OEM means "Original Equipment Manufacturer." In industry, it means when a company sells a product as if it was their own (their own branding, packaging, etc.) but it is actually made for them by another company. In an OEM situation, the first company typically prepares a simple specification/sketch of what they want, not a detailed drawing package. The second company then does the detailed design work, makes some prototypes, takes the protos to the first company for approval, makes any requested changes, etc., and then manufactures the product, packages it, and ships it to the first company which sells it as if it was its own product. The second company manages the whole engineering and manufacturing process.
This is as opposed to a contract manufacturing relationship in which the first company does all of the detailed design work and then sends the complete detailed drawing package to the manufacturer who manufactures the product exactly as specified and ships the finished goods to the first company which sells it.
The real test comes when the product doesn't work. In the OEM relationship, the second company, the manufacturer, is responsible to figure out the problem and fix it; they are responsible for the design. In the contract case, assuming that the second company is following the prints exactly, it is the first company's responsibility to figure out why the design isn't working, change the design, redo the drawings, and send the corrected drawings to the manufacturer.
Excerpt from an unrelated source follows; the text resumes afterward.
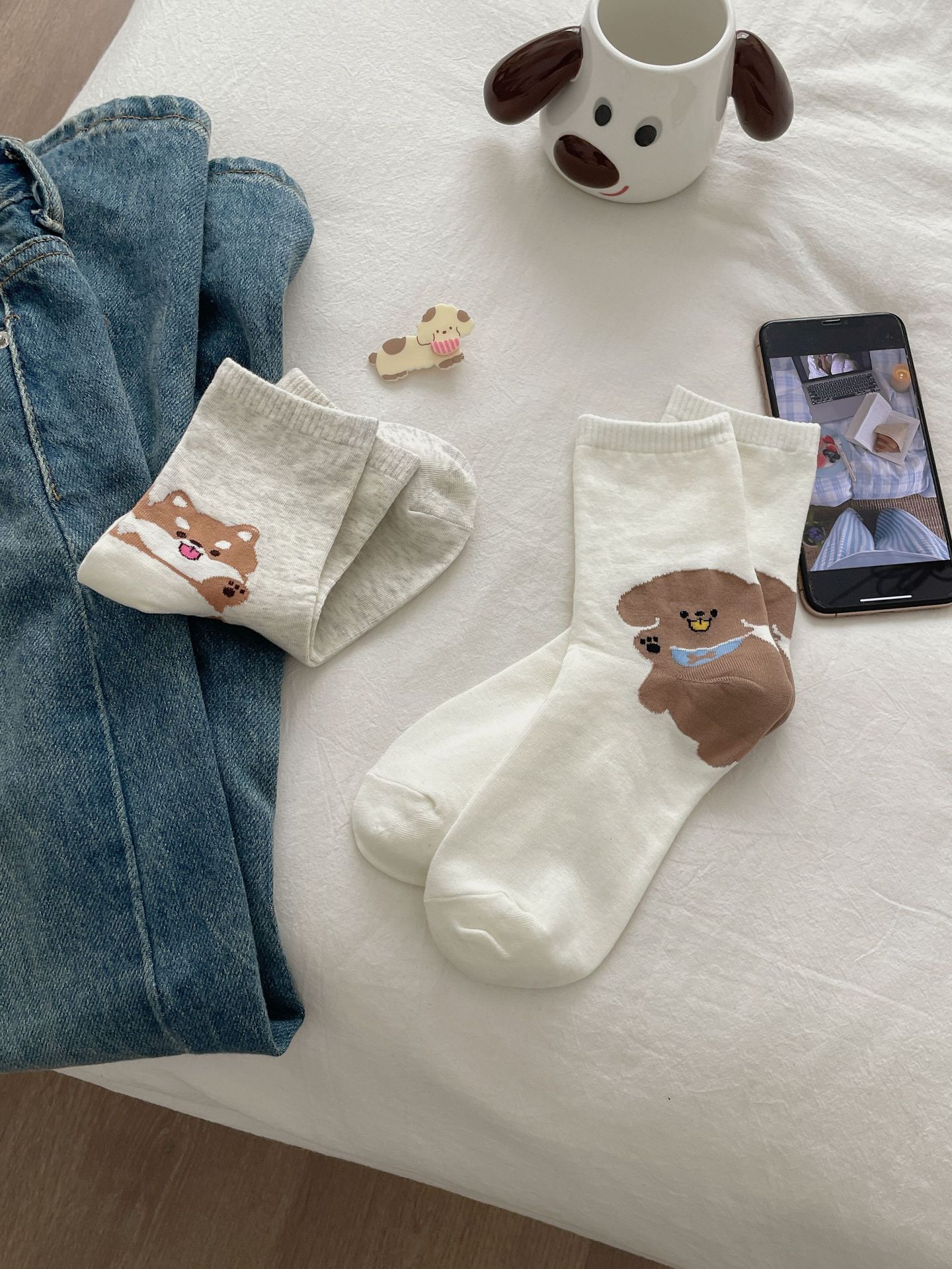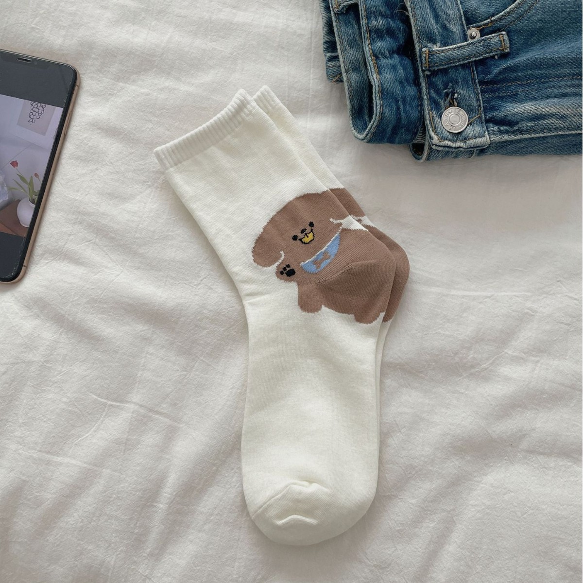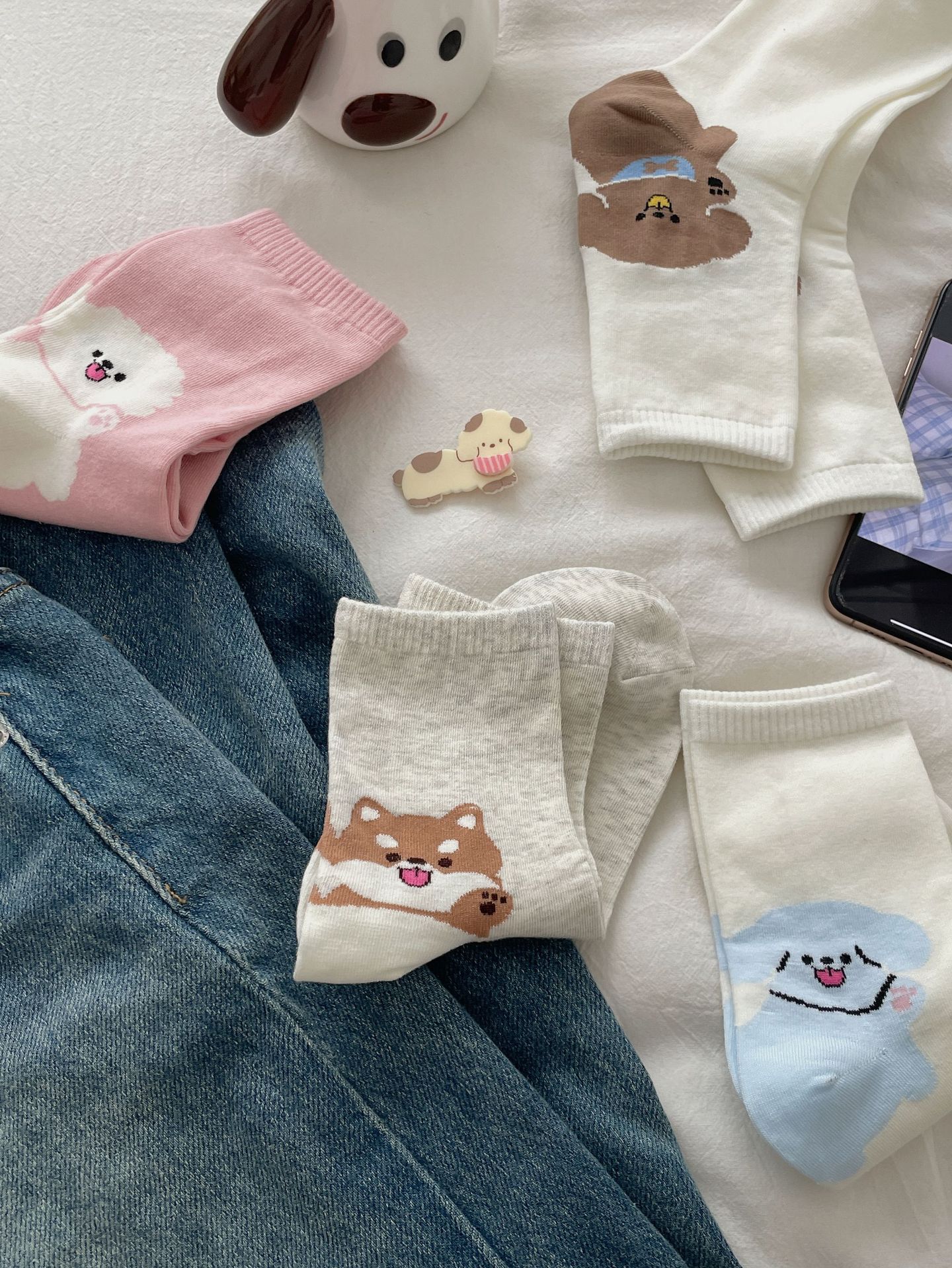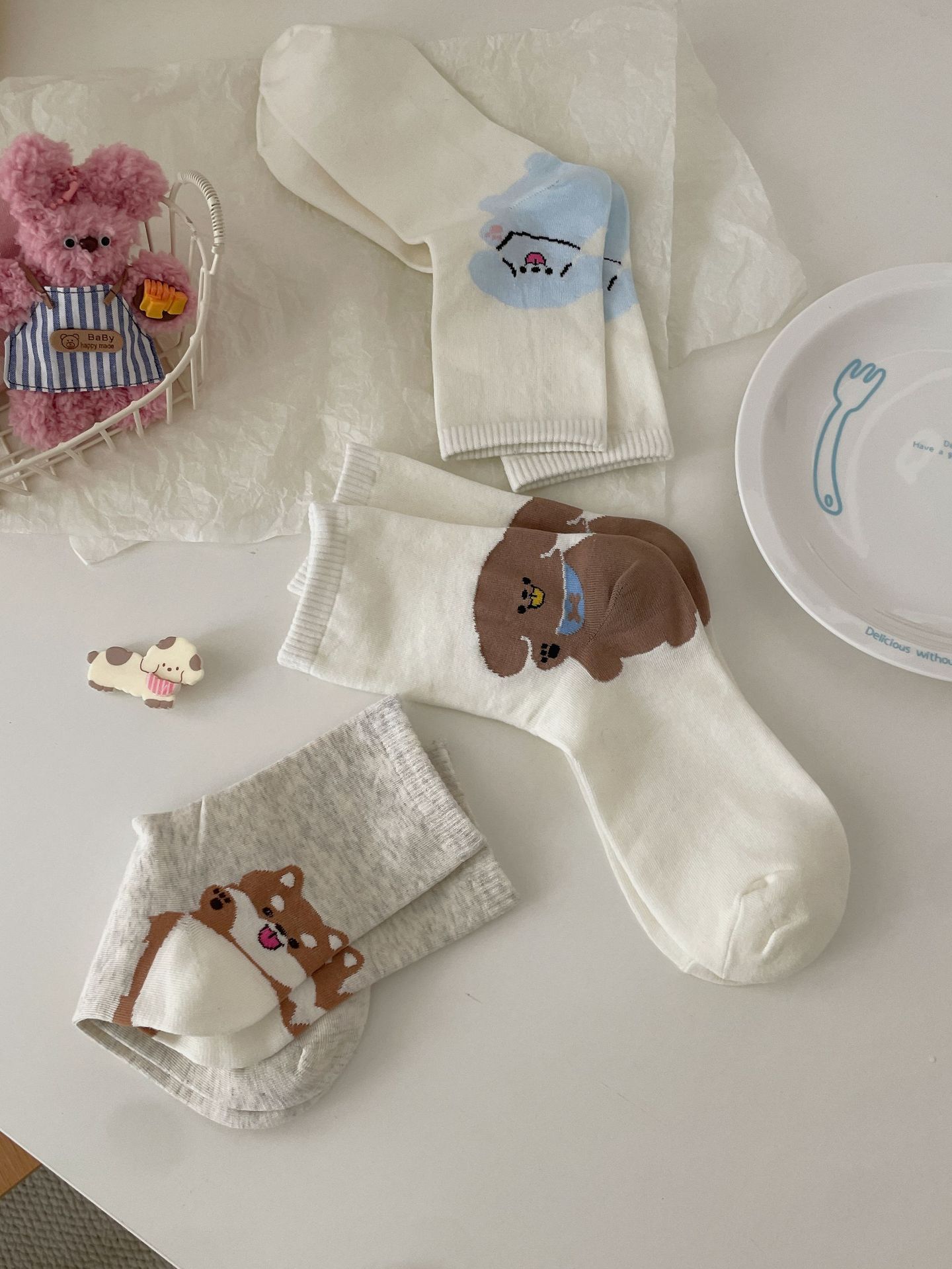 한국 동대문 같은 스타일 만화 귀여운 개 여자 중간 시즌 면 양말 올매치 대학 스타일 여성 양말스토어 가기

Of course, companies are free to negotiate any type of relationship they want and actual deals are often somewhere between these two classic arrangements.
In the case in question, since this wire-stripper multitool is unlike anything else Copper Tools makes and since I doubt that Copper Tools really wants to get seriously into the multitool business, I suspect that they just made a quick sketch and took it to one of the off-shore companies that's knocking off the PST right and left and said, "Can y'all do some'in' like this for us?" And they entered into an OEM agreement.